Он быстро поднялся и отправился в кабинет отца, где в массивной тумбе, стоящей у глухой, завешанной декоративными тарелками стены, лежали несколько старинных фотоальбомов. Алекс тут же последовал за ним и замер в дверном проеме, внимательно сканируя глазами остальное содержимое этого важного, на его взгляд, предмета мебели.
– Ого, эта тумба, наверное, хранит много интересных реликвий вашей прошлой жизни, – вкрадчивым тоном начал Алекс, не сдвигаясь с места.
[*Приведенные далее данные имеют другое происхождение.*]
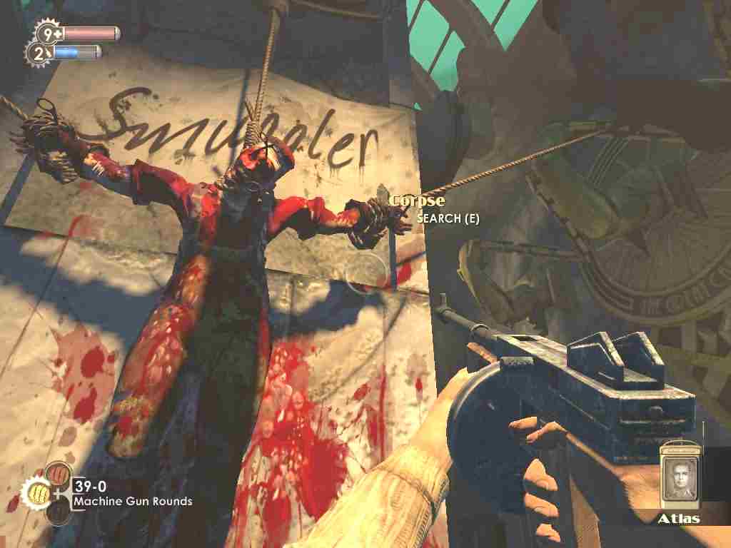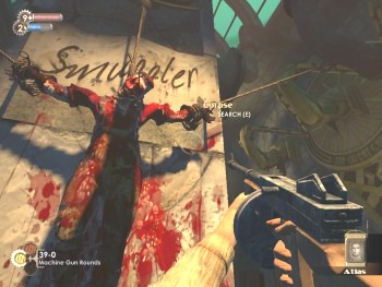 In front of the Bathysphere a single long flight of steps reaches upward and at the top a large pillar extends from floor to domed ceiling and on it is the grizzly sight of a crucified body! With a deep breath I move upward, closer to this latest example of Andrew Ryan's handiwork.

– Нет, здесь разного рода ерунда, ничего стоящего, – ответил Матвей и, приглашая друга сесть на диван, начал листать альбом. Алексу было наплевать на старые фотографии чужой семьи, он нехотя сел рядом и, перебирая в голове всевозможные стратегии, рассеянно смотрел на пожелтевшие от времени страницы. Но тут до слуха Алекса долетела фраза, которая заставила его обратить внимание на фото:
– Вот это мой дед Павел Иванович с дипмиссией в…
– Твой дед был дипломатом?
– Да.
– Так, значит, тебе карьера обеспечена, ты же потомственный дипломат, – взбодрился Алекс, внимательно разглядывая фотографии с изображением красивого статного мужчины лет пятидесяти.
– Ну, понимаешь, отец-то мой не согласился идти по стопам деда, тогда бы мне было легче. А так как дед злился на отца, наверное, за это, то отношения мы почти не поддерживали и у нас нет никаких связей.
– А кто эти двое? Они почти на всех фотках рядом с твоим дедом.
– Это его друзья, они были не разлей вода, даже любили все трое одну и ту же девушку. Но отец говорил, что это их не рассорило.
– Вот дела, ну и как же они ее потом поделили?
– А никак, вот этот в центре, – показывая пальцем на смуглого мужчину с пышным чубом, произнес Матвей, – так вот, он на ней женился, но вскоре погиб, потом на ней женился блондин, который справа.
– А что же твой дед не подсуетился? – шутя спросил Алекс, поднимая глаза на друга.
– Так он к тому времени уже был женат на бабушке.
Алекс еще долго всматривался в черно-белый снимок, на котором были изображены три товарища. Самым видным из этой троицы, как по габаритам, так и по привлекательности черт лица, был дед Матвея, и хотя он был тучный и лысоватый, но мужественный взгляд и гордо поднятый подбородок привлекали внимание к его персоне. Блондин справа не отличался ничем особенным, круглая голова, вздернутый нос и светлые волосы, но вот тот, которого их общая любовь выбрала себе в мужья первый раз, по каким-то неуловимым признакам был похож на иностранца, и Алекс подумал, что именно этот критерий сыграл решающую роль в ее предпочтении.
– Я так понимаю, их уже никого нет в живых?
– Да, дед прожил дольше всех, представляешь, они помирились с отцом только за месяц до его смерти. Они всегда говорили, что были в ссоре из-за несостоявшейся карьеры дипломата, но я в это не верю, думаю, была какая-то более веская причина, чтобы не разговаривать несколько десятилетий.